5. Outrossim, os valores supra apontados, recebidos sem habitualidade e com caráter indenizatório, não devem sofrer incidência do imposto de renda, prescindindo-se, para tanto, da comprovação efetiva dos gastos e despesas com a mudança, posto que presumidos. Evidencia-se o caráter indenizatório de tais verbas. Da mesma forma, não descaracteriza a natureza indenizatória a obrigatoriedade de devolução dos valores à empregadora, de forma proporcional, na hipótese de rescisão do contrato de trabalho. A respeito do assunto em questão, assim decidiu o E. TRF da 3ª Região:
TRIBUTÁRIO. IMPOSTO DE RENDA. TRANSFERÊNCIA DE LOCALIDADE. AJUDA DE CUSTO. VERBA DE NATUREZA INDENIZATÓRIA. Lei nº 7.713/88, ARTIGO 6º, INCISO XX. APELAÇÃO E REMESSA OFICIAL DESPROVIDAS. 1. Inicialmente, dou por interposta a remessa oficial, nos termos do disposto no artigo 14, § 1º, da Lei nº 12.016/09. 2. É certo que o imposto de renda, nos termos do art. 43 do CTN, tem como fato gerador a aquisição da disponibilidade econômica ou jurídica: I) de renda, assim entendido o produto do capital, do trabalho ou da combinação de ambos; II) de proventos de qualquer natureza, assim entendidos os acréscimos patrimoniais não compreendidos no inciso anterior. 3. No entanto, se a verba recebida pelo trabalhador se destina a cobrir as despesas envolvidas na mudança de domicílio por conta de alteração do local de trabalho, hipótese dos autos, não deve incidir sobre ela o imposto sobre renda e proventos de qualquer natureza. 4. A ajuda de custo destinada a cobrir despesas de transferência do empregado, como transporte, nova residência, entre outras são efetuadas em situações excepcionais, com a finalidade de compensar tais gastos ocasionais para o exercício do trabalho. Não se insere, portanto, no conceito de renda e não constitui acréscimo patrimonial, dado seu caráter compensatório. Precedentes. 5. Apelação e remessa oficial, tida por interposta, desprovidas. (TRF 3ª Região, 4ª Turma, ApCiv – APELAÇÃO CÍVEL – 5003233- 22.2019.4.03.6114, Rel. Desembargadora Federal MARLI MARQUES FERREIRA, julgado em 16/03/2020, Intimação via sistema DATA: 19/03/2020).

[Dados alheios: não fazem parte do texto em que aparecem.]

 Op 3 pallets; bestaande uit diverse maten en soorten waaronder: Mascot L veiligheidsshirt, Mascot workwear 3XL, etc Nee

6. Destarte, as verbas recebidas pela parte autora a título de Ajuda de Realocação e Ajuda Aluguel possuem natureza indenizatória, razão pela qual não deve haver a incidência de imposto de renda.
7. RECURSO A QUE SE DÁ PROVIMENTO para condenar a União Federal a restituir o valor recolhido indevidamente a título de Imposto de Renda Retido na Fonte, sobre a “Ajuda de Realocação” (R$ 21.977,58) e a “Aj Aluguel – Pgto único” (R$ 85.620,00) recebidos pelo autor em abril/2019. Cálculos pela Contadoria de origem, devendo ser refeito o cálculo do IRPF devido no exercício em questão, considerando tais verbas como não tributáveis. A diferença deverá ser corrigida monetariamente e acrescida de juros moratórios de acordo com a Resolução CJF 658/2020.

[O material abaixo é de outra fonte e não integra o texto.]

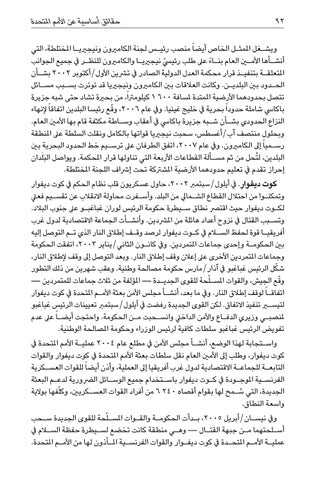 ويش�غل املمث�ل الخاص أيضا ً منصب رئي�س لجنة الكامريون ونيجريي�ا املختلطة ،التي يس نيجريي�ا والكامريون للنظ�ر يف جميع الجوانب أنش�أها األمين العام بن�ا ًء عىل طلب رئي ّ املتعلق�ة بتنفي�ذ قرار محكمة العدل الدولية الصادر يف ترشين األول/أكتوبر 2002بش�أن الح�دود بني البلدي�ن .وكانت العالقات بني الكامريون ونيجرييا قد توترت بس�بب مس�ائل تتصل بحدودهما األرضية املمتدة ملسافة 1 600كيلومرتاً ،من بحرية تشاد حتى شبه جزيرة باكايس شاملة حدودا ً بحرية يف خليج غينيا .ويف عام ،2006و ّقع رئيسا البلدين اتفاقا ً إلنهاء النزاع الحدودي بش�أن ش�به جزيرة باكايس يف أعقاب وس�اطة مكثفة قام بها األمني العام. وبحلول منتصف آب/أغسطس ،سحبت نيجرييا قواتها بالكامل ونقلت السلطة عىل املنطقة رس�ميا ً إىل الكامريون .ويف عام ،2007اتفق الطرفان عىل ترس�يم خط الحدود البحرية بني البلدين ،ل ُتحل من ثم مس�ألة القطاعات األربعة التي تناولها قرار املحكمة .ويواصل البَلَدان إحراز تقدم يف تعليم حدودهما األرضية املشرتكة تحت إرشاف اللجنة املختلطة. كوت ديفوار .يف أيلول/سبتمرب ،2002حاول عسكريون قلب نظام الحكم يف كوت ديفوار وتمكن�وا من احتالل القطاع الش�مايل من البلد .وأس�فرت محاولة االنقالب عن تقس�يم فعيل لك�وت ديفوار حيث اقترص نطاق س�يطرة حكومة الرئيس لوران غباغب�و عىل جنوب البالد. وتس�بب القتال يف نزوح أعداد هائلة من املرشدين .وأنش�أت الجماعة االقتصادية لدول غرب أفريقي�ا قوة لحفظ السلام يف ك�وت ديفوار لرصد وق�ف إطالق النار الذي ت�م التوصل إليه بني الحكوم�ة وإحدى جماعات املتمردين .ويف كان�ون الثاني/يناير ،2003اتفقت الحكومة وجماعات املتمردين األخرى عىل إعالن وقف إطالق النار .وبعد التوصل إىل وقف إلطالق النار، ّ شكل الرئيس غباغبو يف آذار/مارس حكومة مصالحة وطنية .وعقب شهرين من ذلك التطور و ّقع الجيش ،والقوات املس�لّحة للقوى الجدي�دة — املؤلفة من ثالث جماعات للمتمردين — اتفاق�ا ً لوقف إطالق النار .ويف ما بعد ،أنش�أ مجلس األمن بعثة األم�م املتحدة يف كوت ديفوار لتيسير تنفيذ االتفاق .لكن القوى الجديدة رفضت يف أيلول/سبتمرب تعيينات الرئيس غباغبو ملنصب�ي وزيري الدف�اع واألمن الداخيل وانس�حبت م�ن الحكومة .واحتجت أيض�ا ً عىل عدم تفويض الرئيس غباغبو سلطات كافية لرئيس الوزراء وحكومة املصالحة الوطنية. واس�تجابة لهذا الوضع ،أنش�أ مجلس األمن يف مطلع عام 2004عملي�ة األمم املتحدة يف كوت ديفوار ،وطلب إىل األمني العام نقل سلطات بعثة األمم املتحدة يف كوت ديفوار والقوات التابع�ة للجماع�ة االقتصادية لدول غرب أفريقيا إىل العملية ،وأذن أيضا ً للقوات العس�كرية الفرنس�ية املوج�ودة يف ك�وت ديفوار باس�تخدام جميع الوس�ائل الرضورية لدع�م البعثة الجديدة ،التي ُس�مح لها بقوام أقصاه 6 240من أفراد القوات العس�كريني ،وكلّفها بوالية واسعة النطاق. ويف نيس�ان/أبريل ،2005ب�دأت الحكوم�ة والق�وات املس�لّحة للقوى الجديدة س�حب أس�لحتهما م�ن جبهة القت�ال — وه�ي منطقة كانت تخضع لس�يطرة حفظة السلام يف عملي�ة األم�م املتح�دة يف كوت ديف�وار والقوات الفرنس�ية امل�أذون لها من األم�م املتحدة.

8. Sem condenação ao pagamento de verba honorária por inexistir recorrente vencido (artigo 55, da Lei nº 9.099/95).
9. É o voto.
PAULO CEZAR NEVES JUNIOR
JUIZ FEDERAL RELATOR
(TRF 3ª Região, 11ª Turma Recursal da Seção Judiciária de São Paulo, RecInoCiv – RECURSO INOMINADO CÍVEL – 0002712-26.2020.4.03.6342, Rel. Juiz Federal PAULO CEZAR NEVES JUNIOR, julgado em 05/05/2022, DJEN DATA: 09/05/2022)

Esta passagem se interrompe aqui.